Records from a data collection
=======

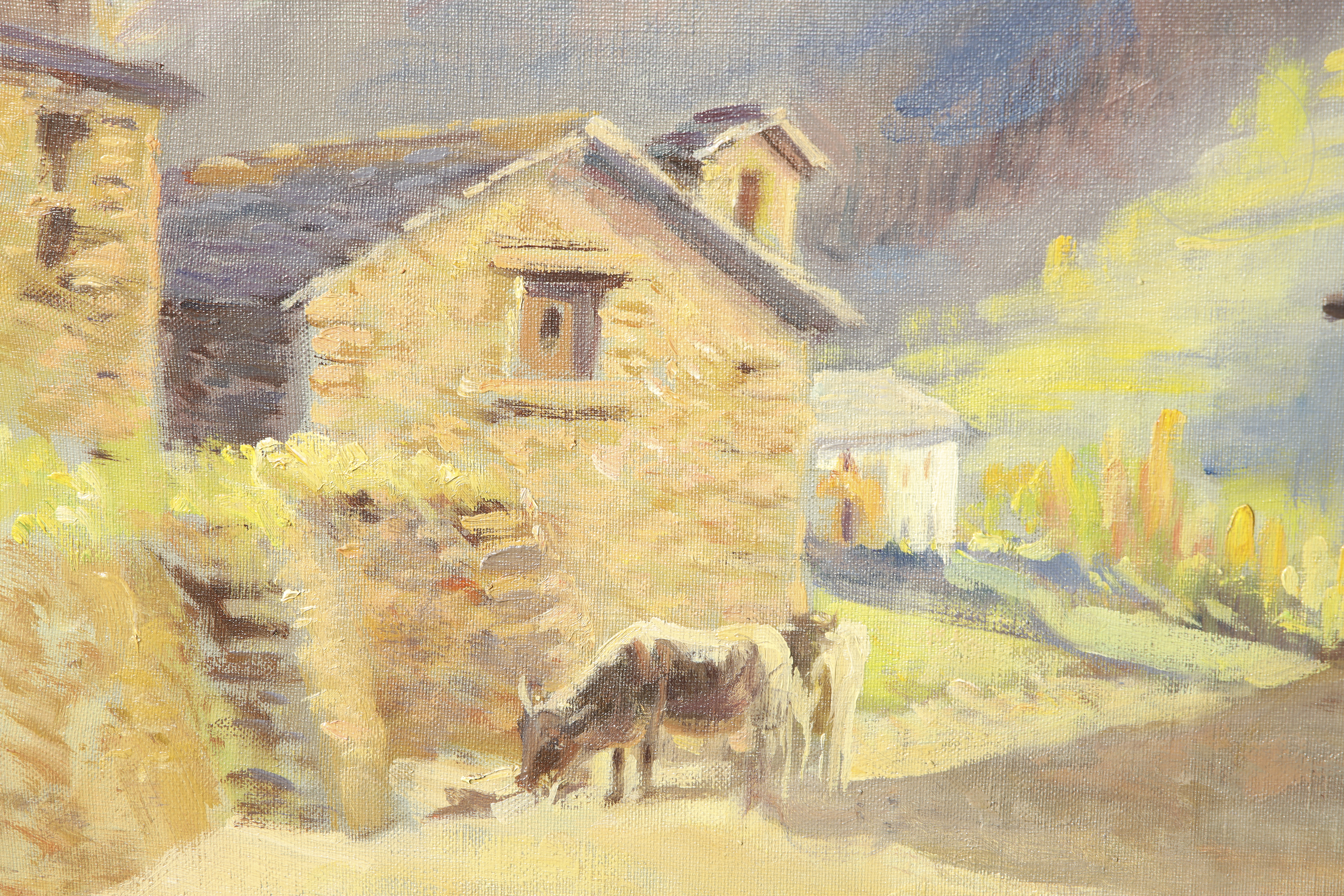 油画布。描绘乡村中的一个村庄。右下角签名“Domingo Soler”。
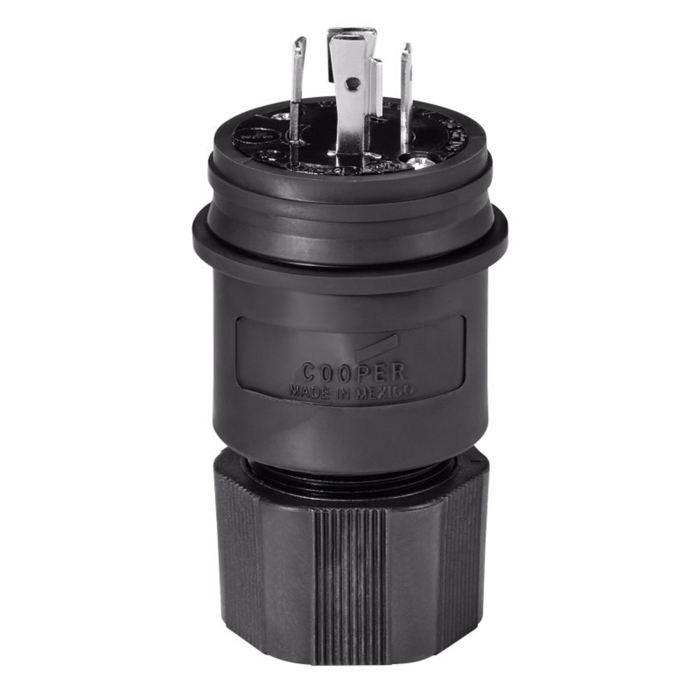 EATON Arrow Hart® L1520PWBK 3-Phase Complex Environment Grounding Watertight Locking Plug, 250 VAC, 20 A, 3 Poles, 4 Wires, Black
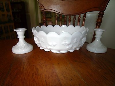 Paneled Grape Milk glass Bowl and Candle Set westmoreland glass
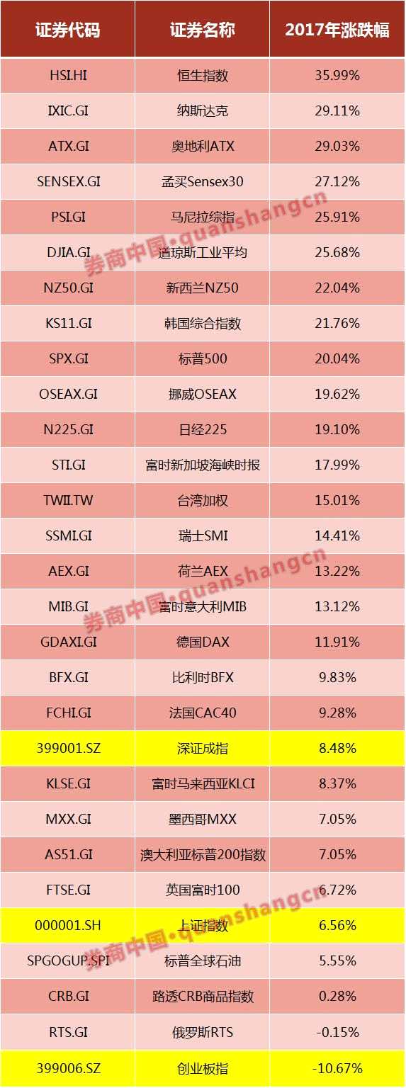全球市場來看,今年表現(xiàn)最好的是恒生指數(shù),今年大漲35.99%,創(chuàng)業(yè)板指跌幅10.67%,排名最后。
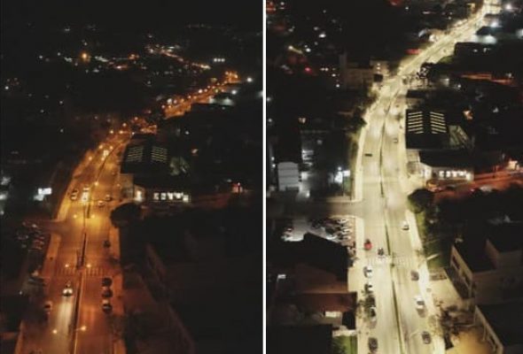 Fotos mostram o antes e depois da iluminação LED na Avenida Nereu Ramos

=======

## Work to be completed
Repeat the records above exactly, omitting every picture.

## Exercise solution
 油画布。描绘乡村中的一个村庄。右下角签名“Domingo Soler”。
 EATON Arrow Hart® L1520PWBK 3-Phase Complex Environment Grounding Watertight Locking Plug, 250 VAC, 20 A, 3 Poles, 4 Wires, Black
 Paneled Grape Milk glass Bowl and Candle Set westmoreland glass
全球市場來看,今年表現(xiàn)最好的是恒生指數(shù),今年大漲35.99%,創(chuàng)業(yè)板指跌幅10.67%,排名最后。
 Fotos mostram o antes e depois da iluminação LED na Avenida Nereu Ramos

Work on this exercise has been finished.